> _Supplied data_
======

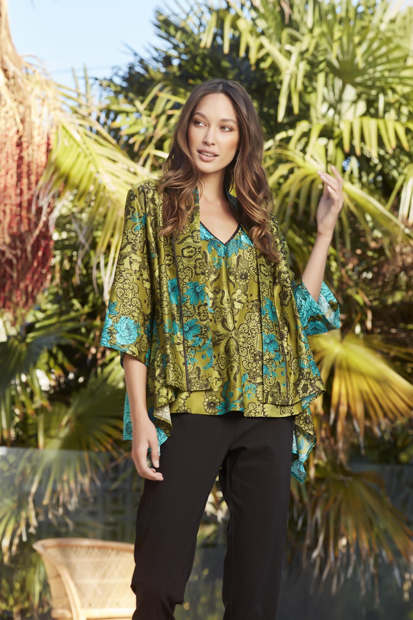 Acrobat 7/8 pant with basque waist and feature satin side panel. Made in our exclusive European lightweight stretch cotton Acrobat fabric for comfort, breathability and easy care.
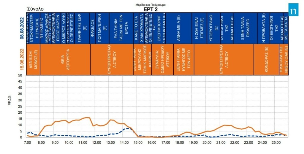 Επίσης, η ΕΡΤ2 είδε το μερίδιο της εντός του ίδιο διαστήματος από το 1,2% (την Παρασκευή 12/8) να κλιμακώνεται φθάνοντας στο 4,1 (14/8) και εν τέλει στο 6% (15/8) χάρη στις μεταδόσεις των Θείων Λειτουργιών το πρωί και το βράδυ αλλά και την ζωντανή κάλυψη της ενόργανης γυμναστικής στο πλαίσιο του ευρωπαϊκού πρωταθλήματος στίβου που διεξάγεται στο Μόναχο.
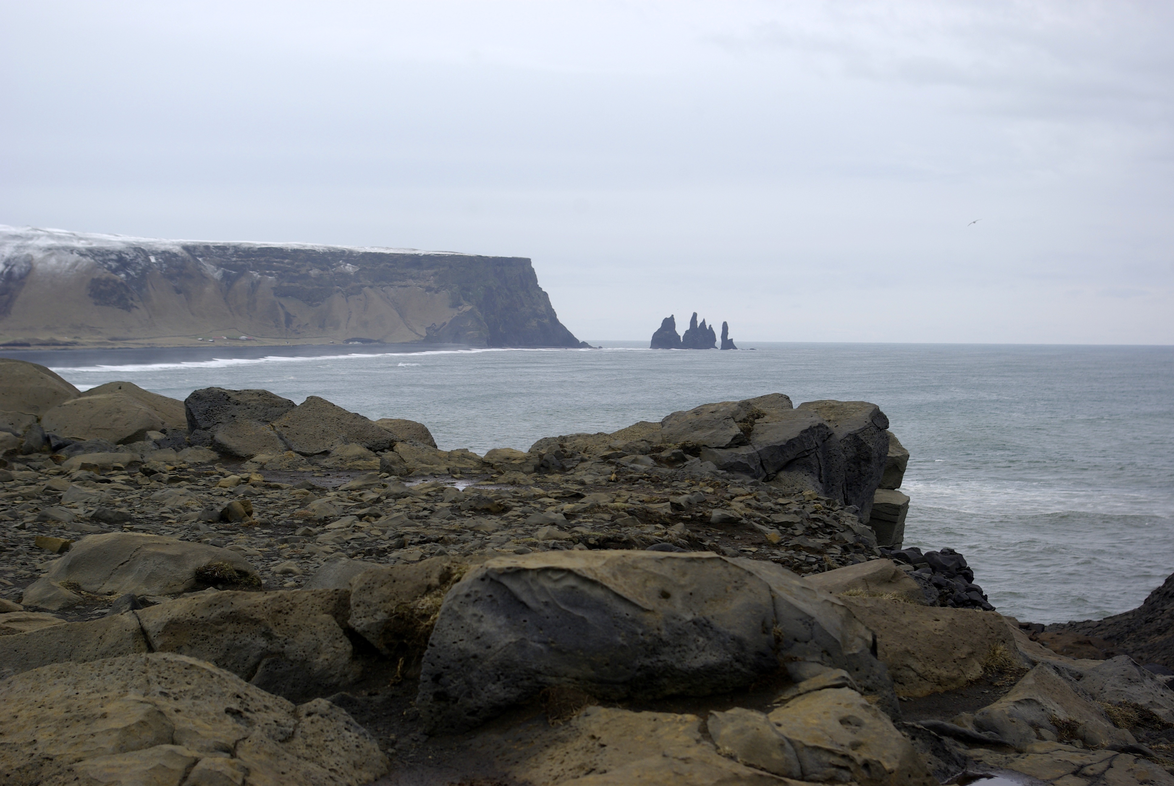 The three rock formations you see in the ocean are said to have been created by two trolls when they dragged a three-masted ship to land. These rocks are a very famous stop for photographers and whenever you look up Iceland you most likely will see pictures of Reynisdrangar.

======

> _Your goal_
When you output the listing, reproduce it exactly but drop its pictures.

> _Solution_
 Acrobat 7/8 pant with basque waist and feature satin side panel. Made in our exclusive European lightweight stretch cotton Acrobat fabric for comfort, breathability and easy care.
 Επίσης, η ΕΡΤ2 είδε το μερίδιο της εντός του ίδιο διαστήματος από το 1,2% (την Παρασκευή 12/8) να κλιμακώνεται φθάνοντας στο 4,1 (14/8) και εν τέλει στο 6% (15/8) χάρη στις μεταδόσεις των Θείων Λειτουργιών το πρωί και το βράδυ αλλά και την ζωντανή κάλυψη της ενόργανης γυμναστικής στο πλαίσιο του ευρωπαϊκού πρωταθλήματος στίβου που διεξάγεται στο Μόναχο.
 The three rock formations you see in the ocean are said to have been created by two trolls when they dragged a three-masted ship to land. These rocks are a very famous stop for photographers and whenever you look up Iceland you most likely will see pictures of Reynisdrangar.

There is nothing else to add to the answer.